2018 > Waqt al-tagheer: time of change

Shireen Taweel
Shireen Taweel
2018

musallah | Shireen Taweel | 2017
pierced copper
180 x 180 x 30cm.
Courtesy the artist.

Photograph - Sam Roberts Photography

musallah (2017) is a work that responds directly to the oldest standing mosque located in Broken Hill, New South Wales. The mosque is situated on the site of the former ‘camel camp’ where Afghan and Indian camel drivers loaded and unloaded their camel teams, from the earliest day of Broken Hill. The site and its history are part of reinterpretation of Muslimhood within contemporary, cross-cultural Australian communities. A translated landscape along these ideas intrigues me – representations of Australian identities only just touch the surface of the diversity of communities who have found a home here.

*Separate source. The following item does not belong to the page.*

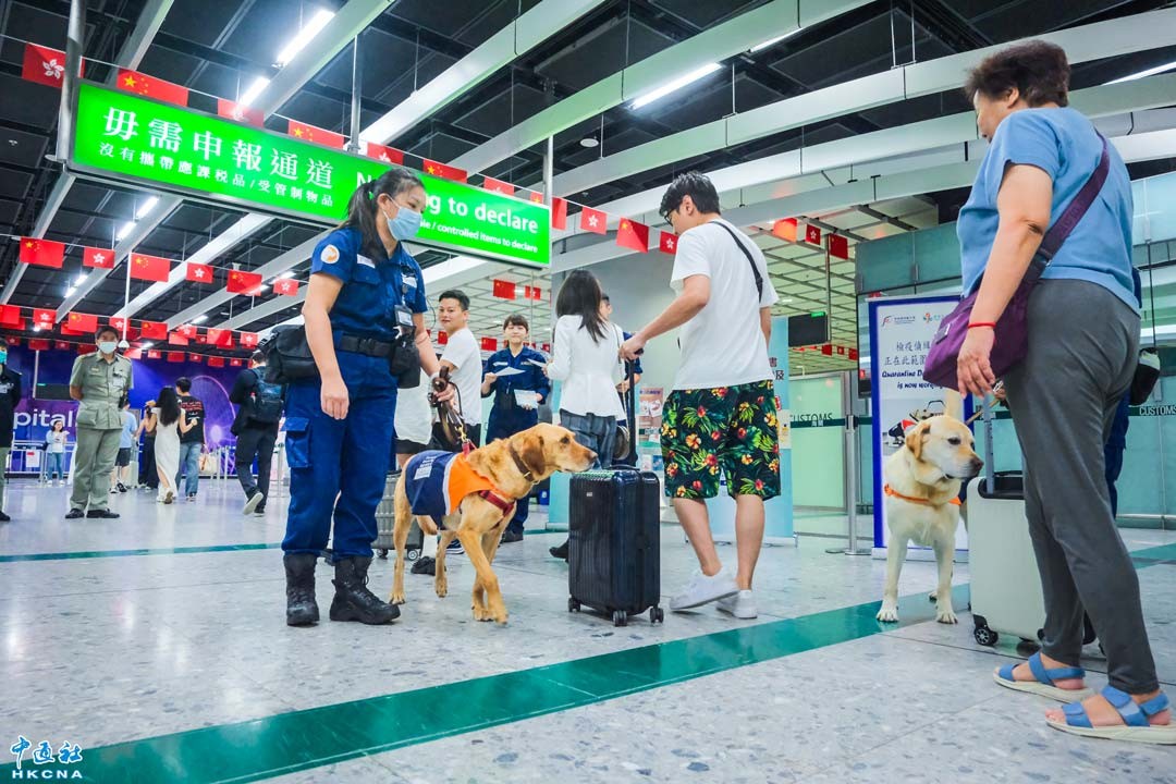 9月25日,香港海關與食物環境衞生署食物安全中心舉行聯合新聞發布會,講述打擊入境人士非法攜帶受規管食物到港聯合行動,提醒市民切勿攜帶沒有衞生證明書的肉類等產品入境,以免負上刑責。圖為新聞發布會後海關和食安中心於西九龍站入境口岸展示行動細節。(香港中通社記者 許其皓攝)

Formed from sheet copper and pierced traditionally by hand, musallah draws direct links to the relationship of the first Afghan settles to the land and their experiences of transience to our relationship to the landscape and currents to our own familiar environments. In this country, we rarely see ourselves as having legitimate roots and the story and heritage of the Afghan cameleers defies the erasure of our identity as Muslims in transnational settings. In direct dialogue between the urban with the rural, musallah bridges across distance and geography, bring to the public the interconnectivity of cultural synchronism within Australia’s Muslim communities.